------ MATERIAL PROVIDED

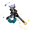Animated pixel art sticker of Riku from Kingdom Hearts, holding a gun with a determined expression.
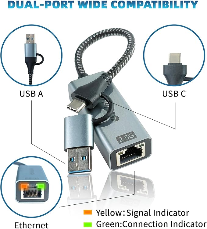 - [Plug to Play] USB Ethernet Adapter Enjoy high-speed networking up to 2.5Gbps without installing drivers. LED lights providing intuitive status indicators.
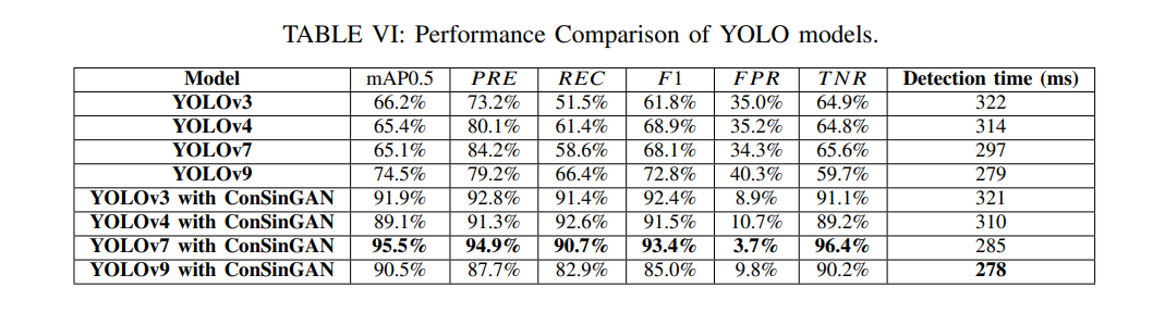 表VI展示了各YOLO模型结合ConSinGAN在mAP、精确率(𝑃𝑅𝐸)、召回率(𝑅𝐸𝐶)、𝐹1分数、假正率(𝐹𝑃𝑅)和真负率(𝑇𝑁𝑅)方面的性能表现。实验结果表明:
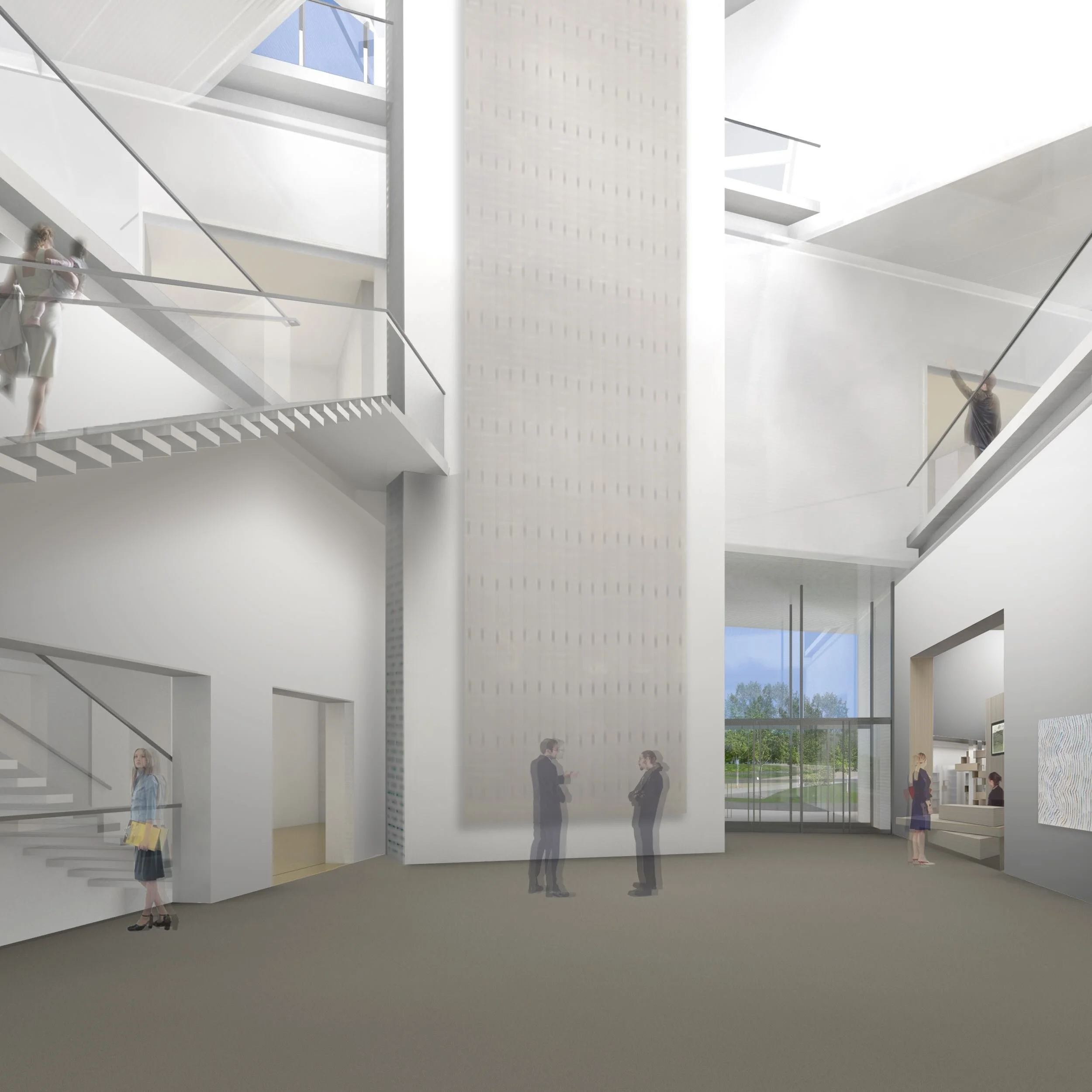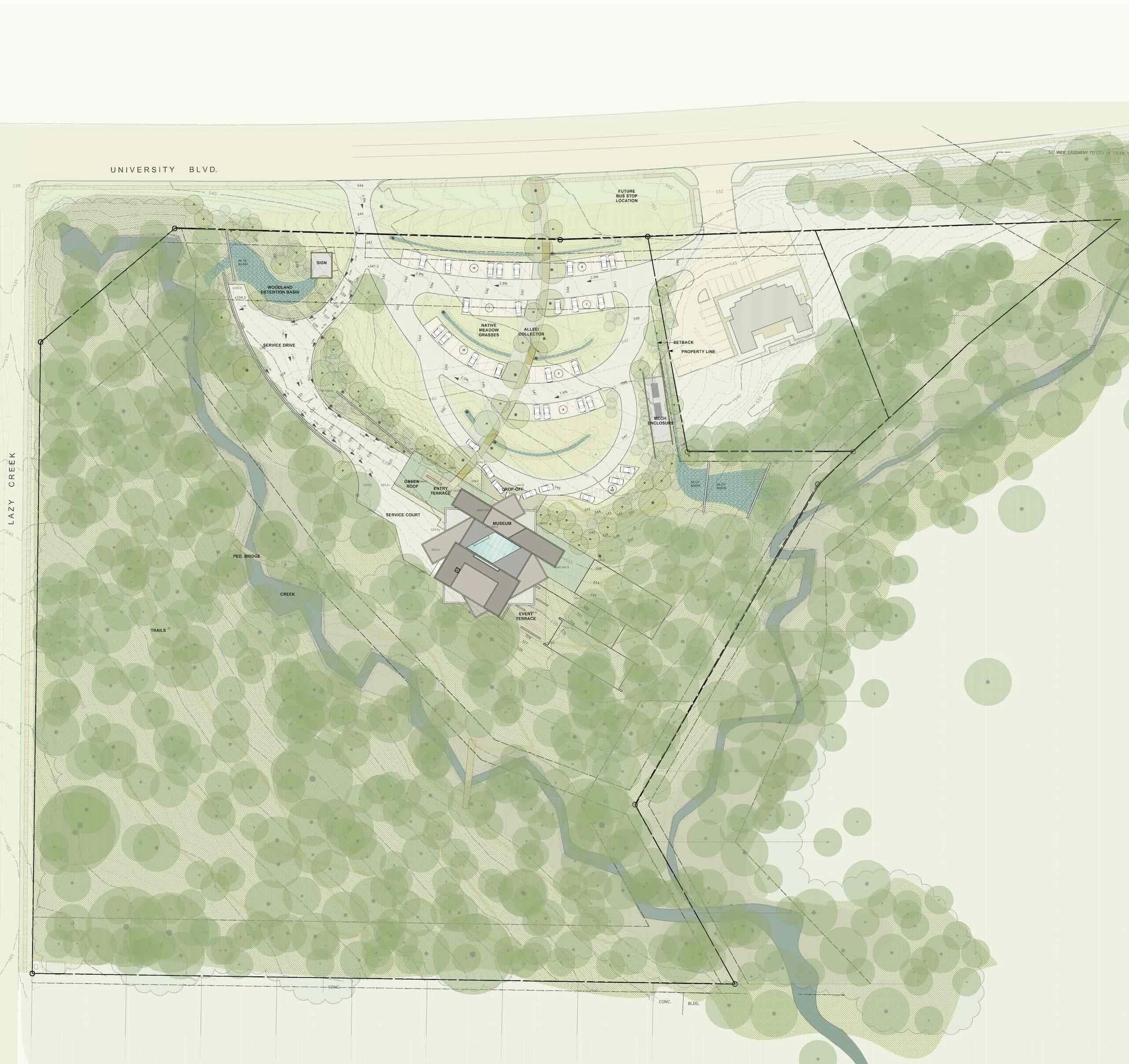 The Tyler Museum of Art, designed on 18-acre site of native east Texas landscape, features sprawling grounds of a restored native grassland and mature woodland, which features a creek running through the site. Conceived as a series of stacked and rotated boxes, the new museum of 40,000 square feet will rotate around a central atrium. The museum will house 12,000 square feet of gallery space, 4,000 square feet of educational area, a new 2,500 square foot events and exhibition hall, and administration offices, on multiple levels, as well as a cafe, museum shop, and research library. The project is targeted for LEED silver certification.

------------

• [YOUR ASSIGNMENT]: The expected output is the exact run of lines from the first line of the material above through the line that contains "表VI展示了各YOLO模型结", minus any pictures.

• [WRITTEN SOLUTION]:
Animated pixel art sticker of Riku from Kingdom Hearts, holding a gun with a determined expression.
 - [Plug to Play] USB Ethernet Adapter Enjoy high-speed networking up to 2.5Gbps without installing drivers. LED lights providing intuitive status indicators.
 表VI展示了各YOLO模型结合ConSinGAN在mAP、精确率(𝑃𝑅𝐸)、召回率(𝑅𝐸𝐶)、𝐹1分数、假正率(𝐹𝑃𝑅)和真负率(𝑇𝑁𝑅)方面的性能表现。实验结果表明:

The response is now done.